$1,000 water bill leaves elderly woman with 120,000 gallon mystery

Elderly women's water bill $1,000

SAN ANTONIO -- An elderly woman is blindsided when her water bill jumps 1,700%. Now she and the San Antonio Water System are trying to figure how 120,444 gallons of water disappeared into thin air.

Mary Casias’ water bill for August tallied $1,004.97, up from just more than $60 the month before, the 78-year-old said she was beside herself the moment she saw it.

"Hysterics,” said Casias. “It just blew my mind."

Casias had a plumber check out her home after the bill arrived, who found some leaking from the toilet but nothing else. She said he didn’t think that leak could account for more than 120,000 gallons of lost water, the equivalent of six above-ground swimming pools.

According to SAWS records, Casias had seen leaks, or at least above average water use, on several occasions in the past year, including three months of 20-30,000 gallon usage. Her use normally doesn’t go above 4,000 gallons.

Casias said she began to suspect the meter.

“The little red arrow was going round and round and round,” said Casias. “There was no water running anywhere."

Anne Hayden, a spokeswoman for SAWS, said the meter can be ruled out as a likely cause.
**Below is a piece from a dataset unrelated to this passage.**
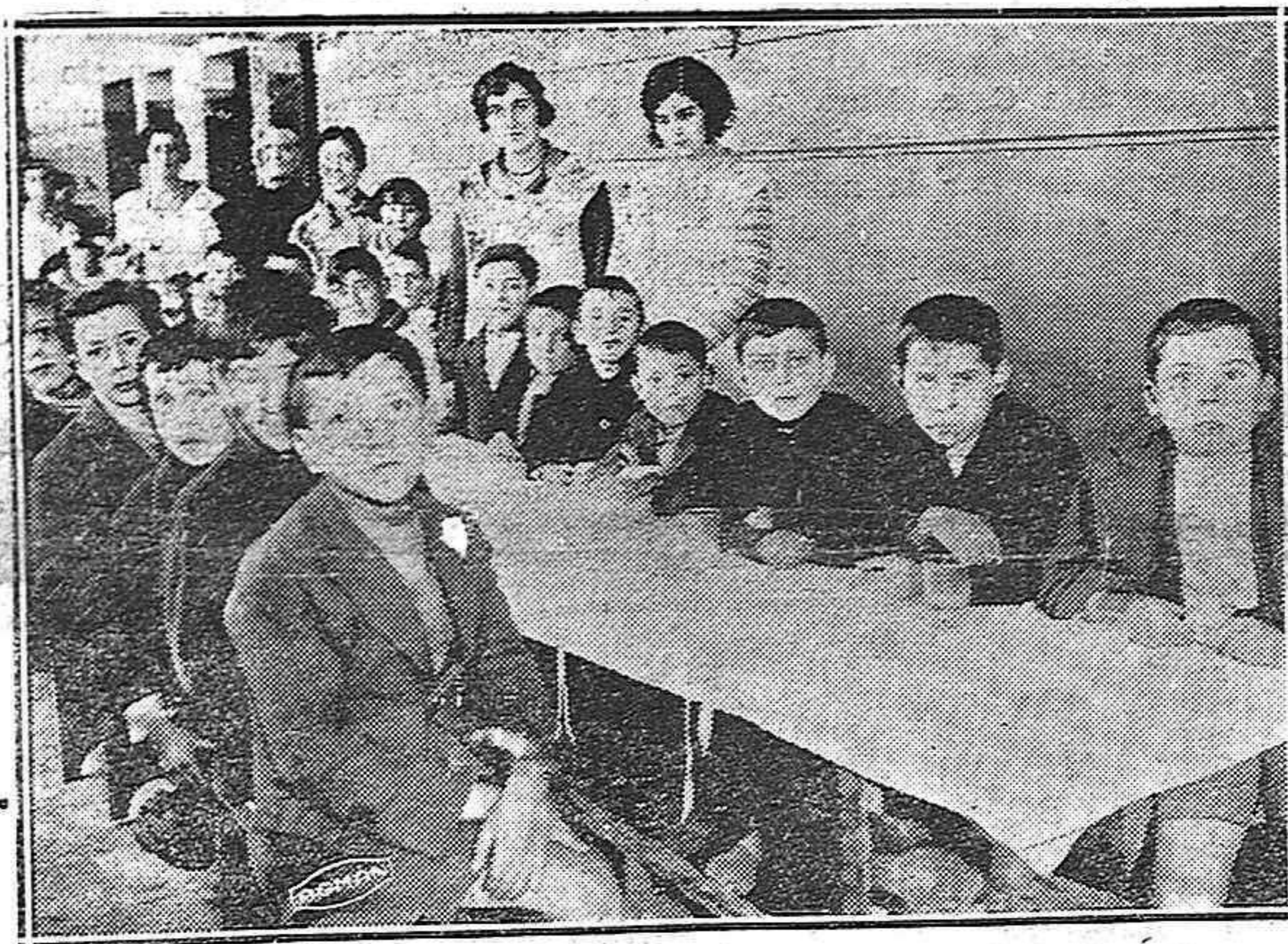
EN EL COMEDOR ESCOLAR.—También a los chicos toca su vez en el halago y en el plato

Existe materia prima en cantidad formidable en todas las regiones españolas, para «comer sabrosísimo». Todas tienen «tesoros gastronómicos»; todas pueden llevar a la cocina manjares propios de exquisito gusto...—Y tiene que ser así, y tuvo que ser así desde las más remotas efemérides, porque España fué en la historia como campo de cruce de las razas, al que llevaron todas, una a una, para que se confundieran con los «sabores» indígenas, todos los sabores típicos de sus países lejanos.

That’s because meters are constructed so that, when they are faulty, they underestimate water usage rather than overestimating.
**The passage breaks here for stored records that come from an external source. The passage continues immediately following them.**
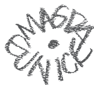
Sin título, s/f Terracota y técnica mixta 33 x 19 x 11.5 Colección privada
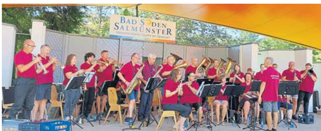
Der Musikverein Cäcilia spielte zur Unterhaltung der Festgäste auf.
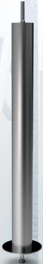
Döner Şişi Doner Skewer

It includes automatic doner machine spare parts, machining spare parts, motors, electronic board, sensors, tray and other equipment, radian, thermocouple and all other materials used. The stock and production or supply of all these materials are delivered to our customers in the fastest way by our company in accordance with quality standards.
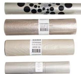
Plastretursekk og restavfallsekk 60 liter, 160 liter og 240 liter
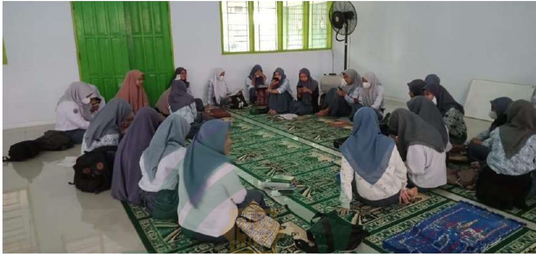
Suasana belajar pendidikan agama Islam dan budi pekerti jurusan kriya tekstil kelas XI tekstil 1 SMK Negeri 3 Gowa
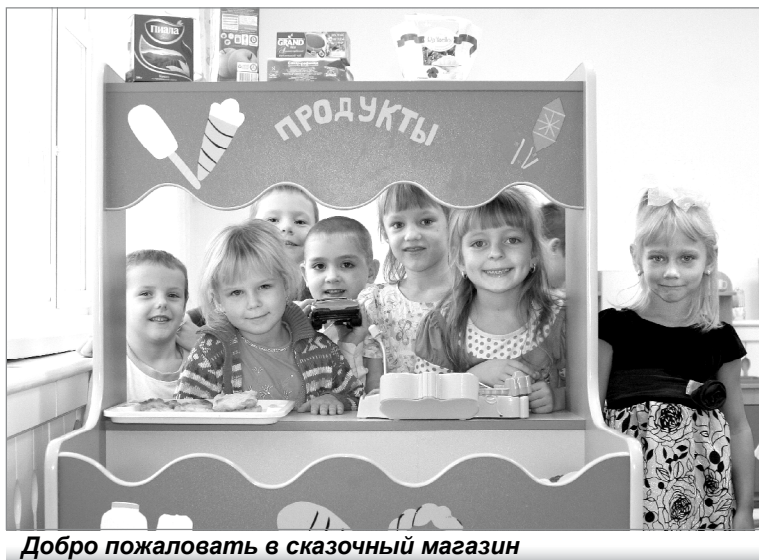
Добро пожаловать в сказочный магазин

Hayden said toilets can cause that kind of water loss, although a number of independent plumbers told Eyewitness News that isn’t possible.
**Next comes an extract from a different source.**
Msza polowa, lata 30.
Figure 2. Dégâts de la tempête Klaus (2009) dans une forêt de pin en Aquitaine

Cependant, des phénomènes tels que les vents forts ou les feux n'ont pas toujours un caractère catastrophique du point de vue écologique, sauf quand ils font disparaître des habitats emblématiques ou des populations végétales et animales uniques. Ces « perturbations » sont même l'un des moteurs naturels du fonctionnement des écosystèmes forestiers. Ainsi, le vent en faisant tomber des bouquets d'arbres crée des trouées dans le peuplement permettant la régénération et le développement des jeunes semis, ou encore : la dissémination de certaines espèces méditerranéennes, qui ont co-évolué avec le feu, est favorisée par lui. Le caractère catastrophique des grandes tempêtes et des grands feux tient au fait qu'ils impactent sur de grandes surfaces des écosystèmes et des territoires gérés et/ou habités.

But she said there are other causes.

"There is a situation that does happen where there's water theft, where sometimes if someone isn’t getting service they start tapping into someone else’s water,” said Hayden. “It is something we see. When you have more than 600,000 accounts, you see a lot of stuff.”

Hayden said that’s a very unlikely scenario, but one worth investigating.

For now, SAWS is sending a specialist to inspect the meter and will explore making adjustments to Casias’ bill.

Casias said she has no intention of paying the full amount until they figure out what happened to that water.

"There's no way I could have used that much water,” said Casias.